Osamu Dazai, penulis Jepang yang dikenal dengan pandangan pesimis dan gelap terhadap kehidupan. Karyanya sering kali menggambarkan pergulatan antara individu dan norma sosial. Tema seperti keputusasaan, kegagalan, dan penolakan terhadap konformitas sosial, menjadi pilihannya. Hal ini dapat memberikan kita perspektif baru untuk merenungkan bagaimana budaya melegalkan penyimpangan seksual dapat berdampak buruk bagi kehidupan manusia.
Penyimpangan Seksual dalam Konteks Budaya Kontemporer
Penyimpangan seksual, dalam banyak pandangan masyarakat tradisional, adalah sesuatu yang dianggap sebagai deviasi dari norma atau aturan yang diterima. Namun, dalam beberapa dekade terakhir, pandangan ini mulai berubah. Tuntutan kebebasan individu memunculkan argumen bahwa setiap orang berhak mengekspresikan dengan cara apapun, tanpa perlu merasa dihukum atau tertekan. Pada tingkat ini, diskusi tentang penyimpangan seksual sering kali bergeser menjadi perdebatan tentang kebebasan individu versus kontrol sosial.
Namun, apakah melegalkan segala bentuk penyimpangan seksual adalah langkah menuju kebebasan? Banyak yang berpendapat bahwa budaya yang melegalkan penyimpangan seksual malah merusak fondasi moral masyarakat itu sendiri. Ketika batasan-batasan moral yang dulu ditegakkan mulai dilonggarkan, maka bukan tidak mungkin ketidakstabilan sosial akan tumbuh lebih besar. Penyimpangan yang dulu dianggap tabu, seperti pedofilia, incest, atau perbudakan seksual, kini mulai mendapatkan ruang sebagai bagian dari kebebasan individu.
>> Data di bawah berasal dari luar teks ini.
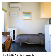
レジデントルーム
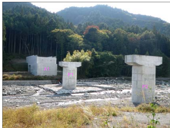
⑤ とくり 戸栗川橋
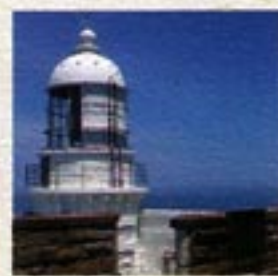
経ヶ岬 当館より車で約45分
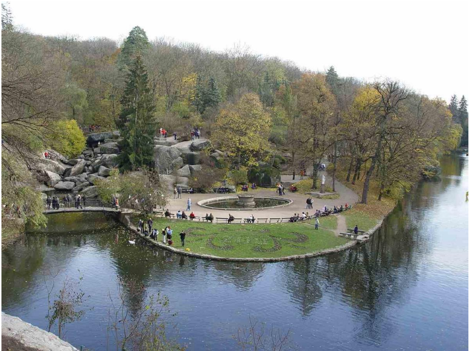
парк «Софиевка», Умань
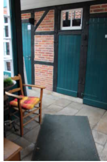
Bereich vor dem Sanitärraum
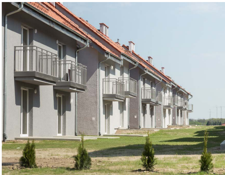
Jarocin 258 mieszkań
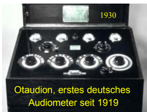
Otaudion, erstes deutsches Audiometer seit 1919
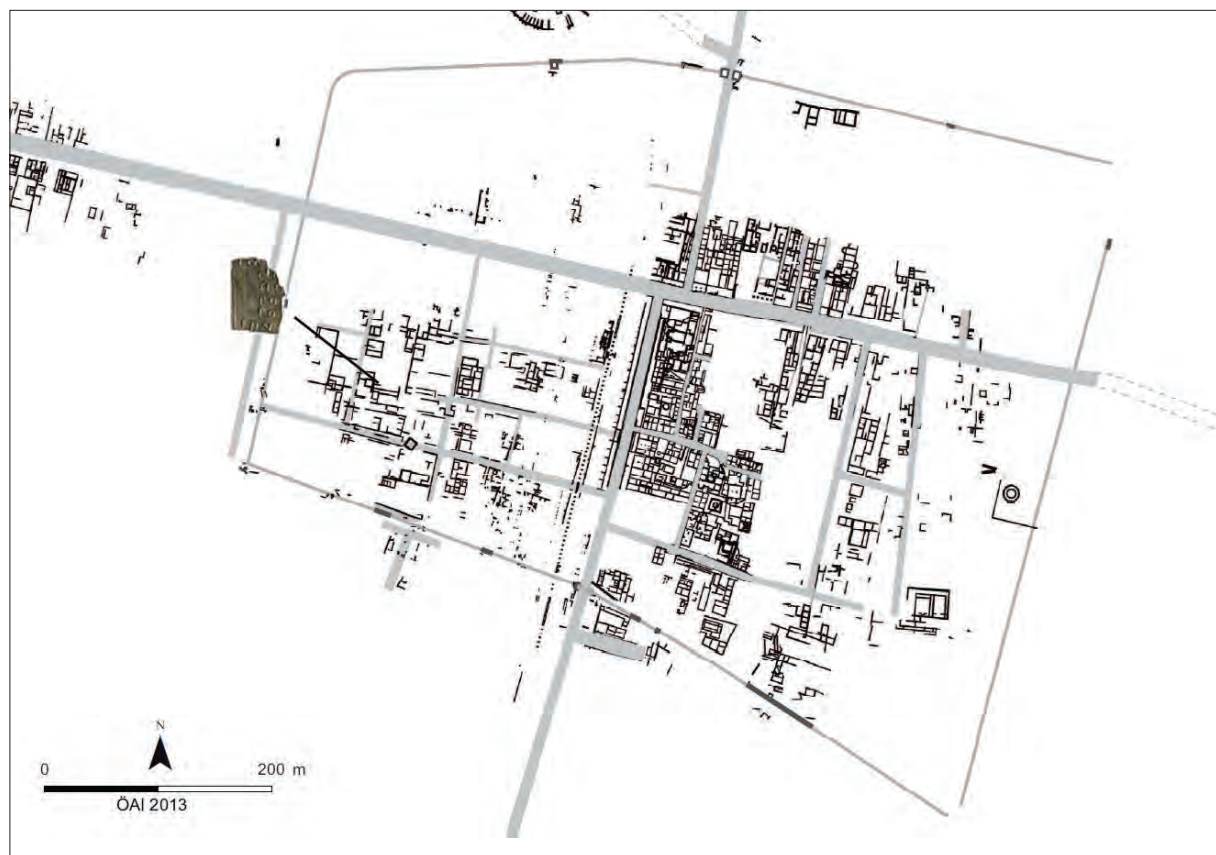
1. kép. A katonai diploma lelőhelye
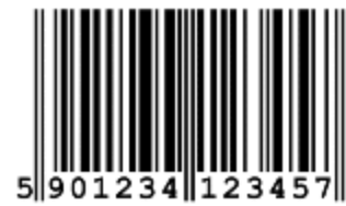
Abbildung 3: Europäische Artikel Nummer

Ein weiteres Beispiel, das jeder kennt, ist der Strichcode oder „ Europäische Artikel Nummer (EA-Nummer) “, der auf allen Produkten im Supermarkt zu finden ist. Mithilfe diese Codes können jedes Produkt und der zugehörige Preis durch einen Scanner an der Kasse erkannt werden.

Dalam konteks ini, hal tersebut tidak hanya merusak nilai-nilai moral, tetapi juga menumbuhkan ketidakpedulian terhadap penderitaan dan eksploitasi manusia.
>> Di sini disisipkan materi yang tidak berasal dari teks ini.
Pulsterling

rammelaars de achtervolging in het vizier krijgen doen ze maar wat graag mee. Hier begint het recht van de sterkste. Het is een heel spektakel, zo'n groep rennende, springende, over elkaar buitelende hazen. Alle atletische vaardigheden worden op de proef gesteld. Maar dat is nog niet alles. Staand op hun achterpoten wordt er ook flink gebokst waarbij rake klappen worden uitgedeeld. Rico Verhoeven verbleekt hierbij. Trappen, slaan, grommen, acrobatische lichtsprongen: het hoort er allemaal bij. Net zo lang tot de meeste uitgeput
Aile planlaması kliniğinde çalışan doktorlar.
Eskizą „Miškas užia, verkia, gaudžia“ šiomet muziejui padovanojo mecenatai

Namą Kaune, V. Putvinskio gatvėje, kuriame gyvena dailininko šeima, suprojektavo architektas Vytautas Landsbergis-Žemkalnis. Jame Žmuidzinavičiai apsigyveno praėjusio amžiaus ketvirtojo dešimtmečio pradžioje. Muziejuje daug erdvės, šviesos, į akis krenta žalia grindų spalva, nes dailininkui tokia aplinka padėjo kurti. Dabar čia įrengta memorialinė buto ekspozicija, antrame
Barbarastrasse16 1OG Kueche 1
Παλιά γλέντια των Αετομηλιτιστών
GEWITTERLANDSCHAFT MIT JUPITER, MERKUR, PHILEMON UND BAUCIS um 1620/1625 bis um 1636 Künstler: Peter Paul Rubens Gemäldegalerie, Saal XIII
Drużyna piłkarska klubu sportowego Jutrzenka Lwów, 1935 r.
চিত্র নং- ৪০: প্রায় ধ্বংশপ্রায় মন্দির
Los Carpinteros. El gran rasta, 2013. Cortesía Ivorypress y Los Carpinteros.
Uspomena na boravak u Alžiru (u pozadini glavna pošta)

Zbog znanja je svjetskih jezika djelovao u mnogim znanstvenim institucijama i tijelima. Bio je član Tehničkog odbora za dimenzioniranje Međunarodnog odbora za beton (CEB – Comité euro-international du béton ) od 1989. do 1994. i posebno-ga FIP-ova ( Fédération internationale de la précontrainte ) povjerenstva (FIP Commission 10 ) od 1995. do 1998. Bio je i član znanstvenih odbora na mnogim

Osamu Dazai sendiri sangat peka terhadap ketegangan antara individu dan masyarakat, serta dampak dari norma-norma sosial yang menekan dan merugikan. Dalam novelnya No Longer Human, Dazai menggambarkan tokoh yang teralienasi dari dunia sekitarnya. Situasi ketidakberdayaan yang mendalam menyebabkan jatuh ke dalam perilaku destruktif. Tokoh tersebut, seperti banyak individu dalam kehidupan nyata, berusaha melarikan diri dari beban moral yang diberikan masyarakat. Tetapi, justru melalui pelarian ini, dia semakin terjebak dalam kehampaan eksistensial.
Penyimpangan Seksual: Akankah Budaya Menjadi Lebih Rusak ?
Di tengah legitimasi terhadap penyimpangan seksual, kita mulai melihat dampak jangka panjang terhadap struktur sosial dan psikologi individu. Dalam masyarakat yang semakin menganggap semua bentuk penyimpangan sebagai pilihan pribadi, kita seperti kehilangan rasa empati terhadap mereka yang benar-benar terluka oleh eksploitasi dan perbuatan seksual yang menyimpang. Ketika segala sesuatu dianggap sah secara moral, maka kita kehilangan kemampuan untuk membedakan antara yang sehat dan yang berbahaya.
Dalam konteks ini, karya sastra memberikan gambaran yang jernih tentang bagaimana seseorang dapat terperangkap dalam sistem sosial yang gagal memberikan rasa aman dan adil. No Longer Human adalah contoh yang kuat mengenai bagaimana individu yang teralienasi mencari pelarian dalam perilaku yang lebih destruktif. Mencoba mengisi kekosongan batin mereka dengan cara-cara yang akhirnya merusak diri mereka sendiri. Penyimpangan seksual dalam banyak kasus bukan hanya tentang keinginan atau nafsu, tetapi juga tentang rasa tidak dihargai dan kehilangan rasa percaya diri sebagai manusia.
Bukan hanya Osamu Dazai, banyak penulis lain yang mengangkat tema ini dalam karya-karya mereka. Misalnya, dalam Indigo Children karya Jean-Claude Carrière, terdapat penggambaran tentang bagaimana dunia yang semakin terbuka terhadap berbagai kebebasan seksual malah mengarah pada krisis identitas. Masyarakat menjadi terlalu fokus pada kebebasan individu sehingga mereka lupa akan tanggung jawab moral terhadap orang lain.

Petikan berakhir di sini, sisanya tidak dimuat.